== EXERCISE DIRECTIONS ==
Take the lines of the data below from the very first through the line containing "Im ersten Satz" and output them exactly, pictures excluded.

** Opening INFORMATION SHOWN block **

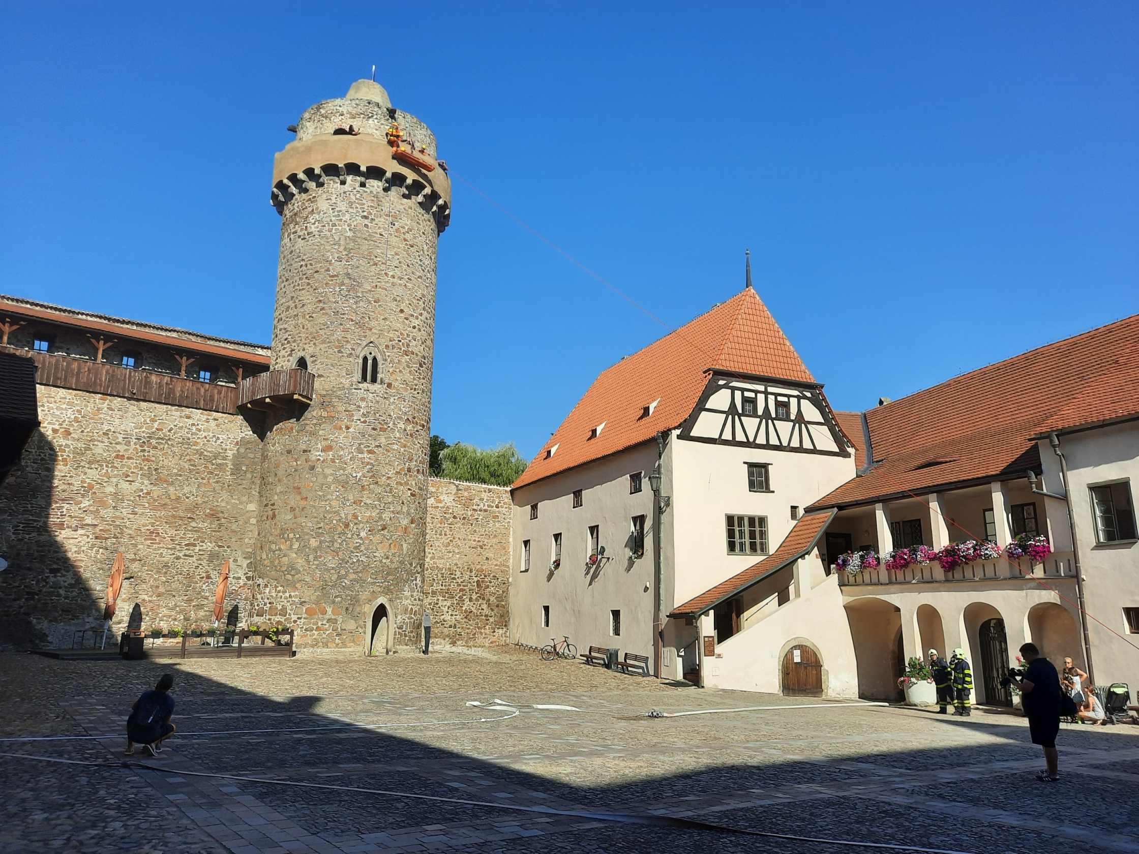 Ve čtvrtek 4. srpna proběhlo taktické cvičení složek Integrovaného záchranného systému, jehož námětem byla záchrana osob pomocí lanových technik z ochozu věže Rumpál, nacházející se v areálu strakonického hradu.
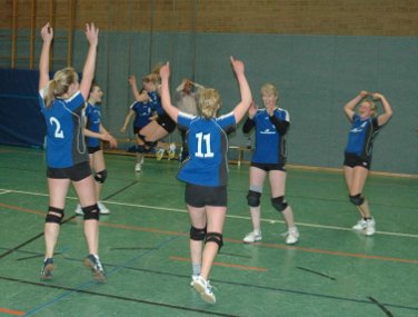 Im ersten Satz lief dennoch alles nach Plan für den Spitzenreiter. Nach ausgeglichenem Beginn waren es einmal mehr die druckvollen Angaben, die den Satz mit 25:20 zugunsten des SC entschieden. Aber die hoch motivierten Stella-Damen ließen sich dadurch nicht beeindrucken und hatten nach dem Seitenwechsel ihre beste Phase. Über 10:5, 15:6 und 23:12 holte sich die Basner-Sechs den zweiten Durchgang mit 25:17. „Mehr Biss, mehr Biss“, forderte SC-Coach Manfred Heeger beim Seitenwechsel und seine Damen enttäuschten ihn nicht. Die Einwechselung von Routinier Karin Mergenschröer brachte endlich mehr Ruhe und Sicherheit ins Hörsteler Spiel. Die Fehlerquote sank, während bei Bevergern das hohe Niveau des zweiten Satzes keine Fortsetzung fand. Bis zum 15:17 kämpften sich die Stella-Damen immer wieder heran, dann war es Karin Mergenschröer, die ihr Team mit taktisch guten Angaben auf die Siegerstrasse brachte und maßgeblich zum 25:16-Erfolg beitrug. Ganz ähnlich verlief der vierte Durchgang. Hörstel lag zwar von Beginn an mit zwei bis drei Zählern vorn, konnte die kampfstarken Gäste aber nicht abschütteln. Erst in der Schlussphase setzte sich der Siegeswille des Spitzenreiters durch. Um exakt 21:55 Uhr verwandelte die Heeger-Sechs gleich ihren ersten Matchball zum 25:19-Erfolg.
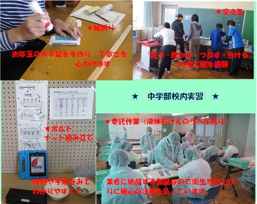 22日までの5日間、ボルトナット・紙折り・空き缶・委託作業の4つのグループに分かれて、集中して作業に取り組みます。毎日の作業学習の授業と違って、一日中の取り組みを5日間継続する経験を就労に向けての大切な経験と考えて取り組んでいます。
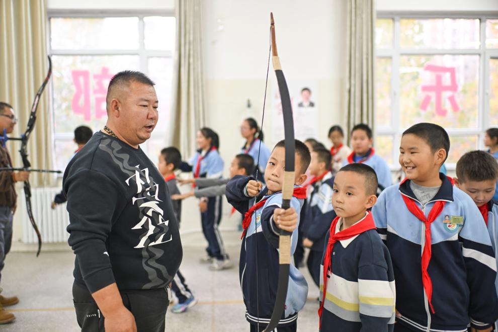 在新疆伊寧市第二十五小學,吳俊亮(左一)指導射箭社團學生練習傳統弓(10月23日攝)。新華社記者 胡虎虎 攝
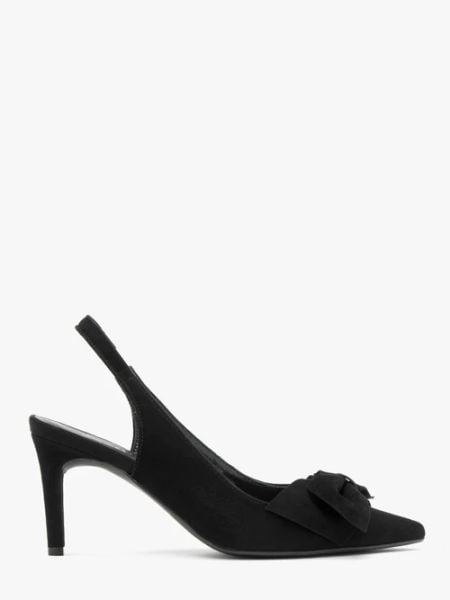 Welurowe czółenka typu slingback z kokardą
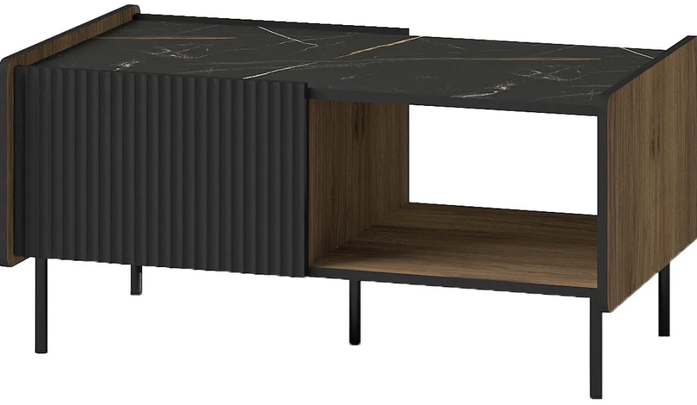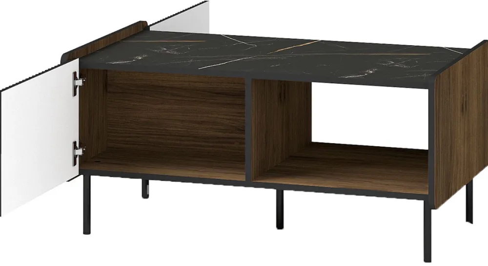 Kolorystyka stolika to mistrzowskie połączenie ciepłych tonów orzecha warmia na korpusie, eleganckiego, ryflowanego frontu szafki w głębokiej czerni, a także subtelnego blatu w odcieniu san sebastian, który dodaje całości lekkości i nowoczesności. Ta harmonijna paleta barw, łącząca w sobie różnorodne tekstury i odcienie, nadaje meblowi wyjątkowego charakteru, który łatwo dopasuje się do różnorodnych aranżacji wnętrz, dodając im wyrafinowanego uroku.
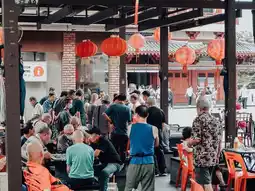 🍁 It was raining a little on the day we went. ☔️ It was a bit sticky, but the good thing is that there weren't many people, which I really liked. The atmosphere in the temple is quiet, with a little breeze to keep it from being too hot (but it's still stuffy). Most of the people are Singaporeans and Chinese people. They go to pray, read scriptures (?), and there's also a Go club in the back.

** Closing INFORMATION SHOWN block **

== FINISHED TASK ==
 Ve čtvrtek 4. srpna proběhlo taktické cvičení složek Integrovaného záchranného systému, jehož námětem byla záchrana osob pomocí lanových technik z ochozu věže Rumpál, nacházející se v areálu strakonického hradu.
 Im ersten Satz lief dennoch alles nach Plan für den Spitzenreiter. Nach ausgeglichenem Beginn waren es einmal mehr die druckvollen Angaben, die den Satz mit 25:20 zugunsten des SC entschieden. Aber die hoch motivierten Stella-Damen ließen sich dadurch nicht beeindrucken und hatten nach dem Seitenwechsel ihre beste Phase. Über 10:5, 15:6 und 23:12 holte sich die Basner-Sechs den zweiten Durchgang mit 25:17. „Mehr Biss, mehr Biss“, forderte SC-Coach Manfred Heeger beim Seitenwechsel und seine Damen enttäuschten ihn nicht. Die Einwechselung von Routinier Karin Mergenschröer brachte endlich mehr Ruhe und Sicherheit ins Hörsteler Spiel. Die Fehlerquote sank, während bei Bevergern das hohe Niveau des zweiten Satzes keine Fortsetzung fand. Bis zum 15:17 kämpften sich die Stella-Damen immer wieder heran, dann war es Karin Mergenschröer, die ihr Team mit taktisch guten Angaben auf die Siegerstrasse brachte und maßgeblich zum 25:16-Erfolg beitrug. Ganz ähnlich verlief der vierte Durchgang. Hörstel lag zwar von Beginn an mit zwei bis drei Zählern vorn, konnte die kampfstarken Gäste aber nicht abschütteln. Erst in der Schlussphase setzte sich der Siegeswille des Spitzenreiters durch. Um exakt 21:55 Uhr verwandelte die Heeger-Sechs gleich ihren ersten Matchball zum 25:19-Erfolg.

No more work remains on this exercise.